Para olhares mais atentos, duas prioridades já colaboram com a discussão: (1) liberar efetivamente recursos para o planejamento e o desenvolvimento da Confecom, pois não adianta formatar o evento sem recursos suficientes para sua realização da melhor forma; (2) gerar conseqüências objetivas no plano material na área da comunicação comunitária ou alternativa, enfaticamente propondo uma legislação que permita seu funcionamento de modo mais amplo, com mais concessões, processos mais ágeis e modelo de financiamento assegurado.
Estes recursos devem ser provenientes do próprio Executivo, que investe pesado em publicidade e, com suas verbas, deve também sustentar a mídia comunitária. Iniciativas que sem dúvida ajudariam no estabelecimento de uma verdadeira complementaridade dos sistemas privado e público (este estatal e não-estatal).
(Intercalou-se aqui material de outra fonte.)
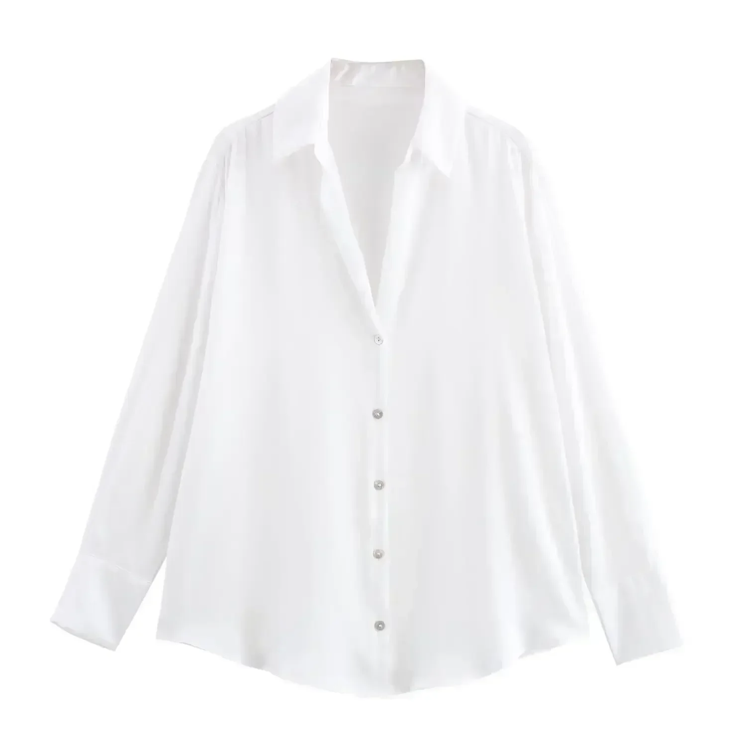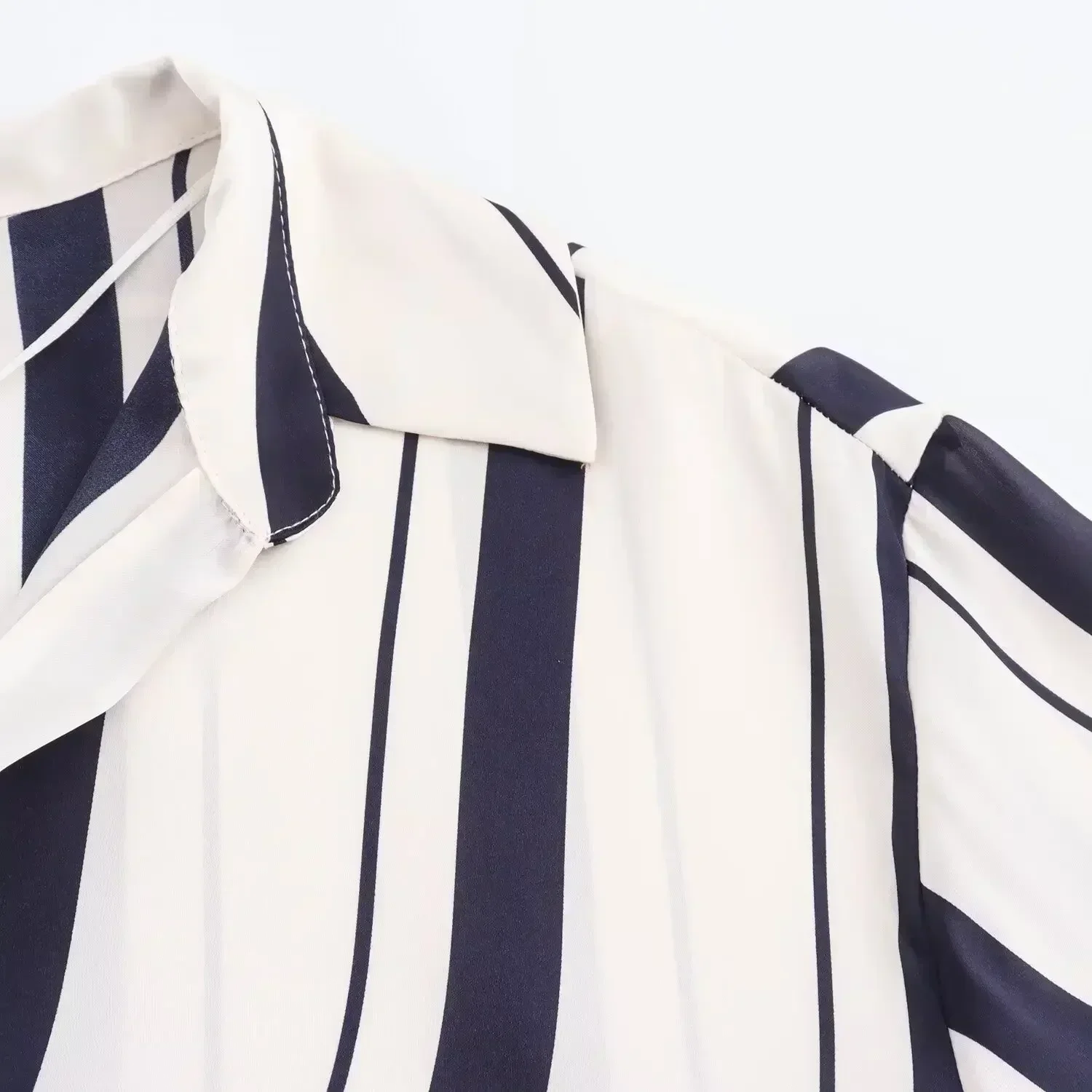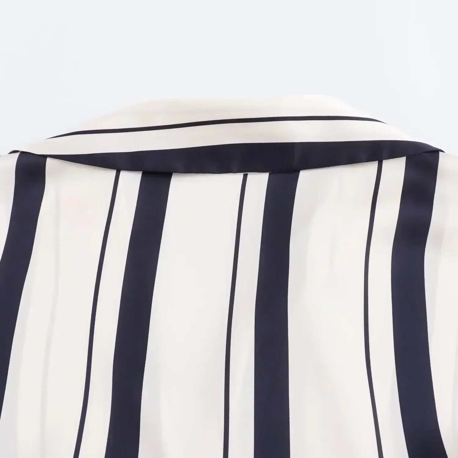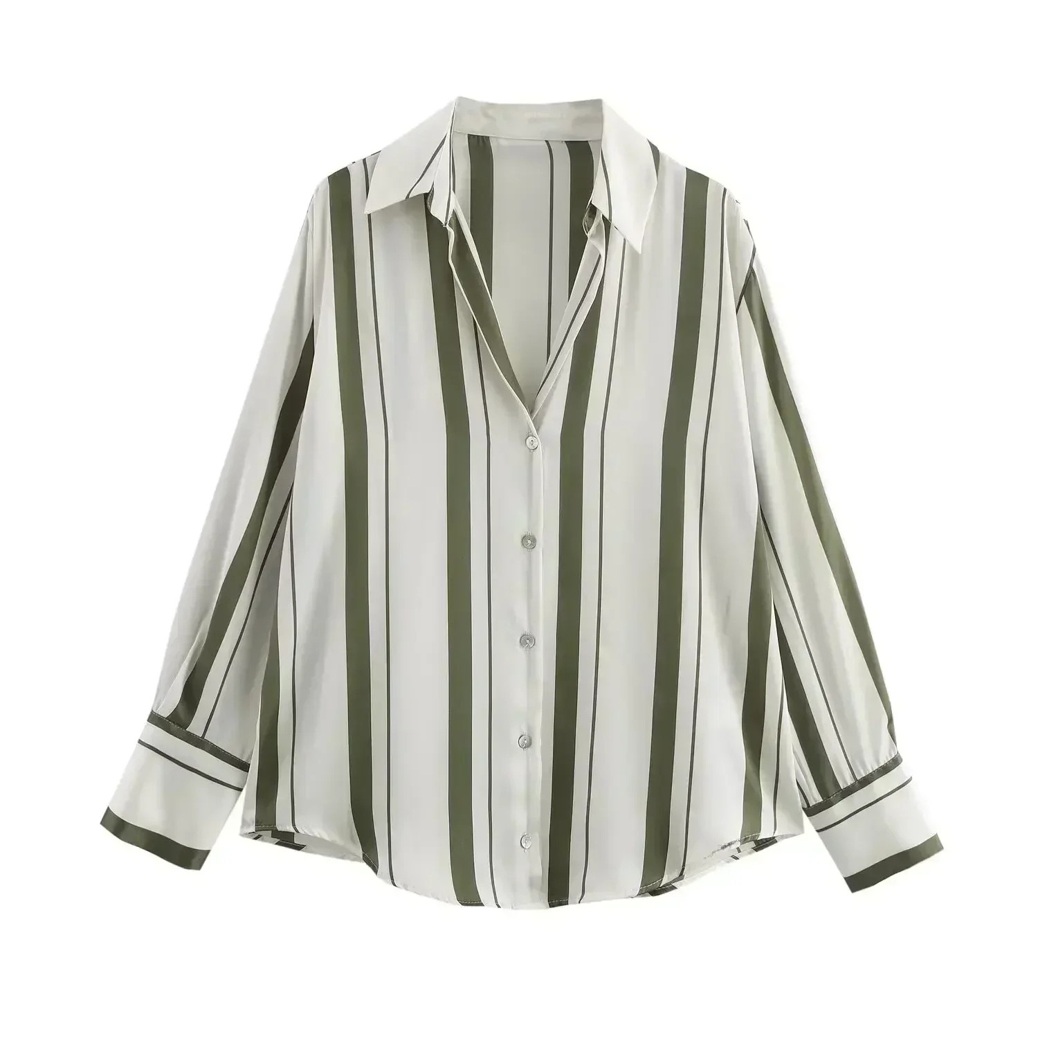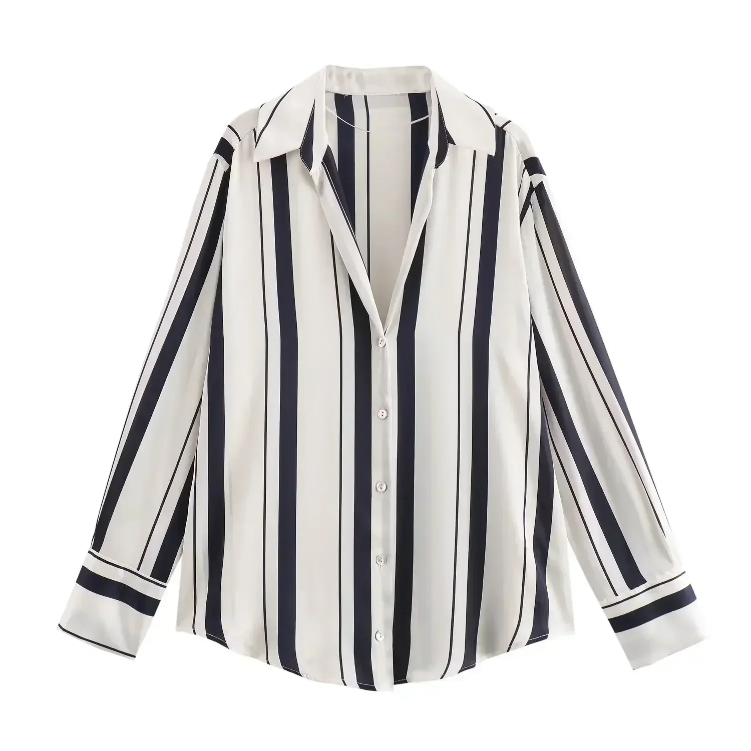 Women's new fashion loose printed striped shirt casual single breasted satin shirt retro long sleeved women's shirt chic top
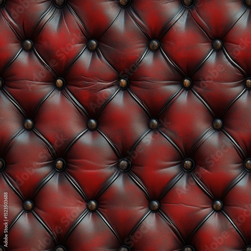 Fototapeta premium Seamless, deep burgundy leather capitone upholstery with robust button tufting and dark metallic accents, creating a timeless and rich texture perfect for classic backgrounds and elegant design
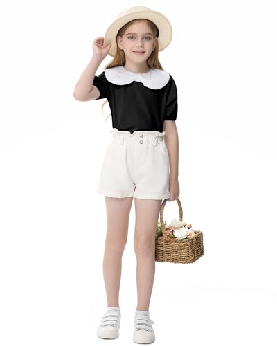 • Features: Round neck with bow peter pan design; puff short sleeve;solid color;casual,enduring and fashion for girls wear matched with shorts,long pants,denim,jeans,dress or skirt.Also superb for all seasons wearing.

Nesse sentido – como um pólo de imensa responsabilidade no debate a ser realizado na Conferência –, avalia-se a sociedade civil como ambiente de disputa, com forte capacidade de promoção da cidadania, onde sua organização, em torno de interesses públicos, objetiva exercer influências sobre os processos político-administrativos e econômicos. Por fim, é ressaltado que a Conferência Nacional de Comunicação deve significar uma inflexão no histórico de baixa abertura do Estado brasileiro à participação social na elaboração, acompanhamento e avaliação das políticas públicas para o setor, mesmo que ainda num nível muito aquém do ideal. Para que isso se materialize, é indispensável a abertura no processo de preparação da Conferência, com debate ampliado, o que não tem se verificado plenamente, além das ações dos próprios movimentos sociais.
*Respectivamente, professor no Programa de Pós-Graduação em Ciências da Comunicação da Unisinos; e pesquisadora do Grupo de Pesquisa Cepos e mestre em Ciências da Comunicação pela Universidade da Unisinos.